[Start of Attachment]
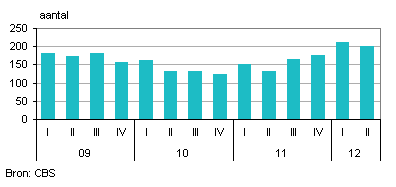 In het tweede kwartaal van 2012 is het aantal uitgesproken faillissementen in de detailhandel iets afgenomen ten opzichte van een kwartaal eerder. Van april tot en met juni werden er 200 faillissementen uitgesproken. In het eerste kwartaal kwam het aantal faillissementen nog uit op 211. Vooral in april (46) was het aantal uitgesproken faillissementen aan de lage kant. In mei (69) en in juni (85) werden er meer faillissementen uitgesproken dan in april. In vergelijking met voorgaande jaren ligt in het tweede kwartaal van 2012 het aantal faillissementen, net als in het eerste kwartaal van dit jaar, wel hoger dan in de voorgaande 20 jaar.
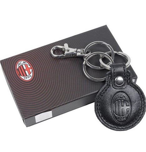 Portachiavi tondo in pelle formato 4,7x5,5cm del Milan.
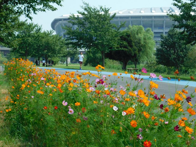 -- コスモス畑と日産スタジアム。
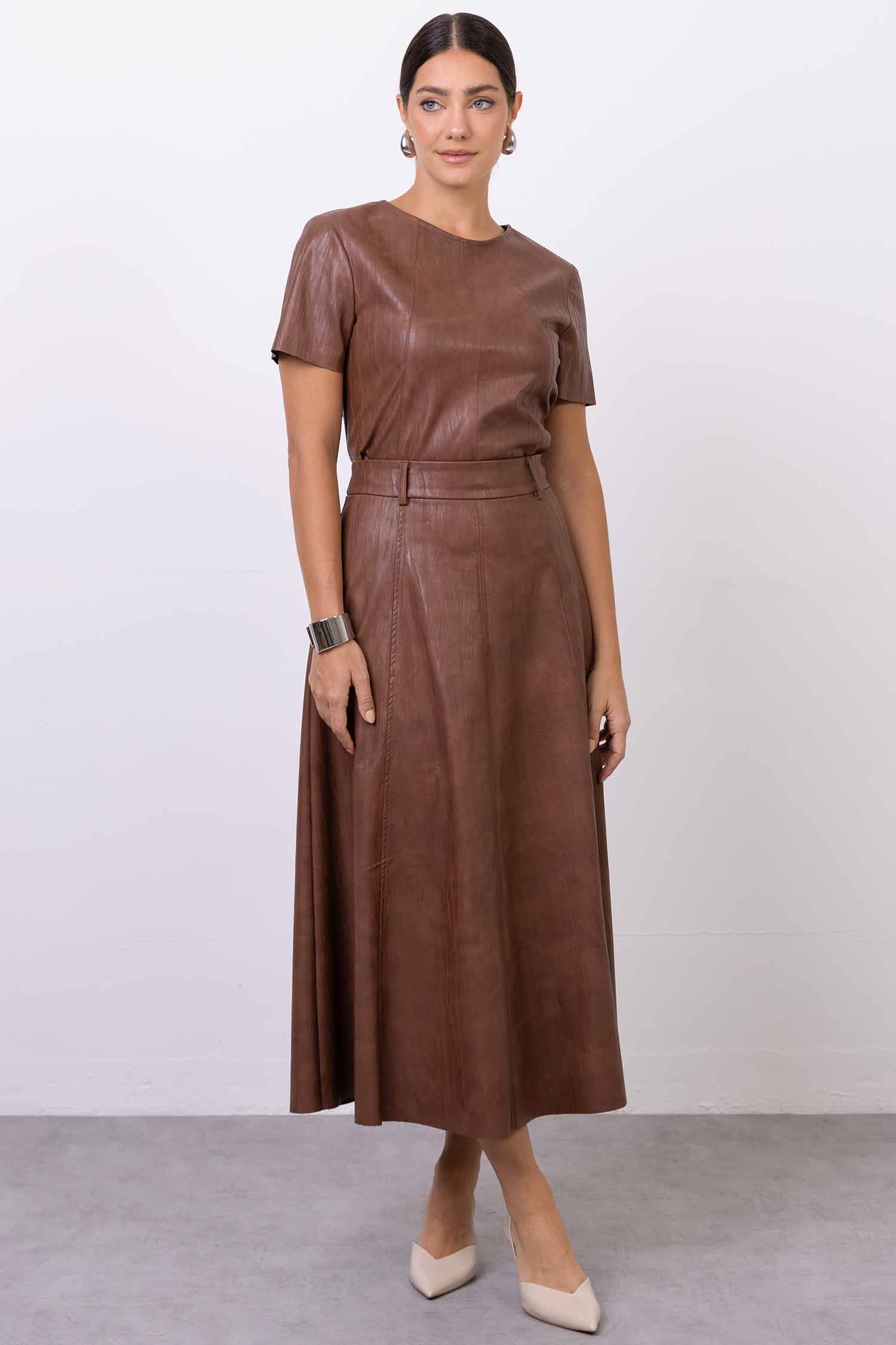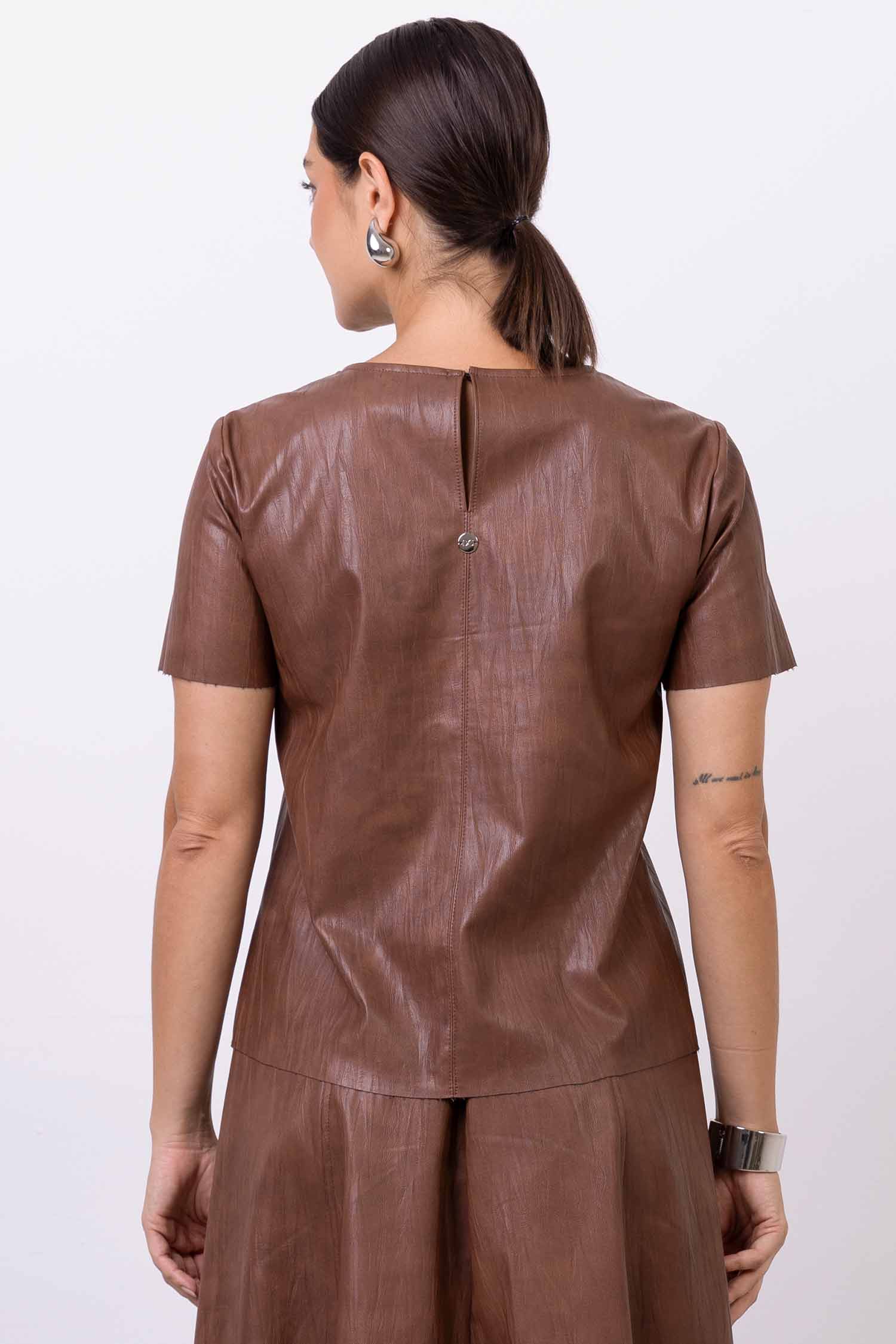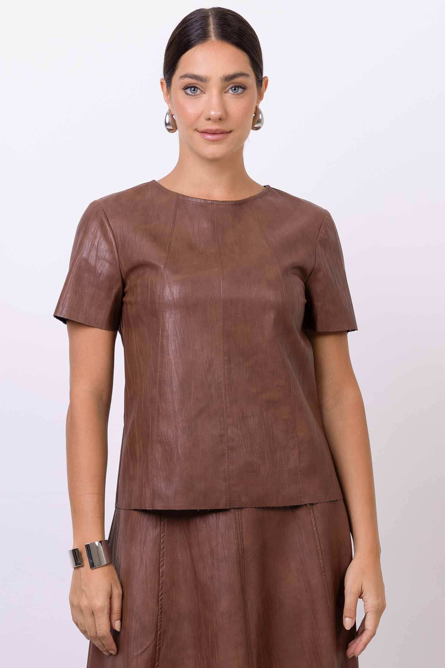 A T-Shirt em couro sintético é uma peça moderna que combina estilo e atitude. Possui recortes estratégicos com pespontos aparentes, adicionando detalhes sofisticados ao design minimalista. Com uma modelagem levemente ajustada, é perfeita para quem busca um visual contemporâneo sem abrir mão do conforto. Ideal para compor looks ousados e elegantes, pode ser combinada com calças de alfaiataria ou jeans para diferentes ocasiões.
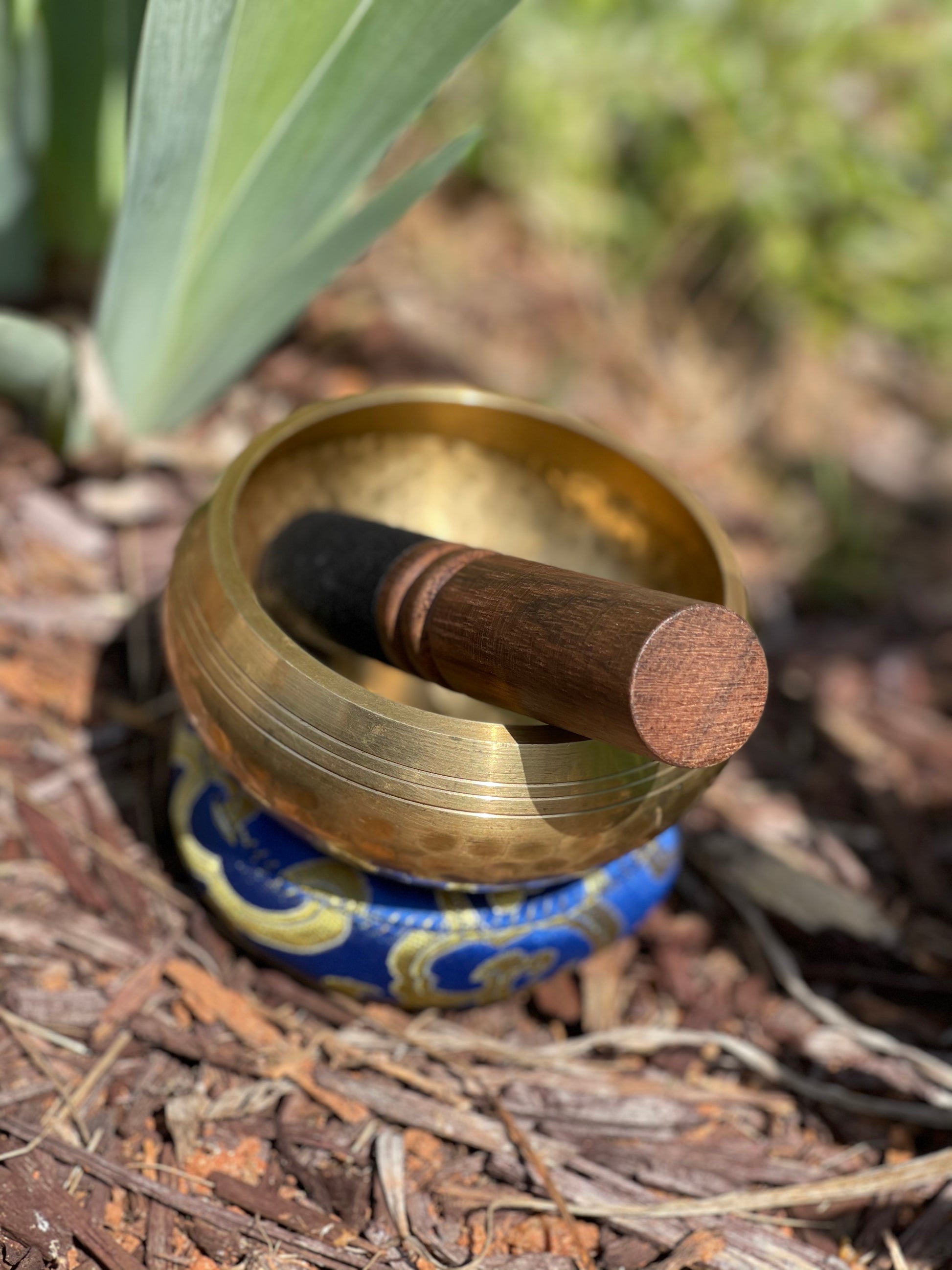 This handheld piece is 9.5 cm in diameter. This piece creates a subtle harmonic sound when tapped or played around the rim. Perfect bowl to start and end your day and become one with the moment or reset for a stressful day.
[End of Attachment]
### Required work
With the pictures removed, return all the entries exactly.

### Task answer
 In het tweede kwartaal van 2012 is het aantal uitgesproken faillissementen in de detailhandel iets afgenomen ten opzichte van een kwartaal eerder. Van april tot en met juni werden er 200 faillissementen uitgesproken. In het eerste kwartaal kwam het aantal faillissementen nog uit op 211. Vooral in april (46) was het aantal uitgesproken faillissementen aan de lage kant. In mei (69) en in juni (85) werden er meer faillissementen uitgesproken dan in april. In vergelijking met voorgaande jaren ligt in het tweede kwartaal van 2012 het aantal faillissementen, net als in het eerste kwartaal van dit jaar, wel hoger dan in de voorgaande 20 jaar.
 Portachiavi tondo in pelle formato 4,7x5,5cm del Milan.
 -- コスモス畑と日産スタジアム。
 A T-Shirt em couro sintético é uma peça moderna que combina estilo e atitude. Possui recortes estratégicos com pespontos aparentes, adicionando detalhes sofisticados ao design minimalista. Com uma modelagem levemente ajustada, é perfeita para quem busca um visual contemporâneo sem abrir mão do conforto. Ideal para compor looks ousados e elegantes, pode ser combinada com calças de alfaiataria ou jeans para diferentes ocasiões.
 This handheld piece is 9.5 cm in diameter. This piece creates a subtle harmonic sound when tapped or played around the rim. Perfect bowl to start and end your day and become one with the moment or reset for a stressful day.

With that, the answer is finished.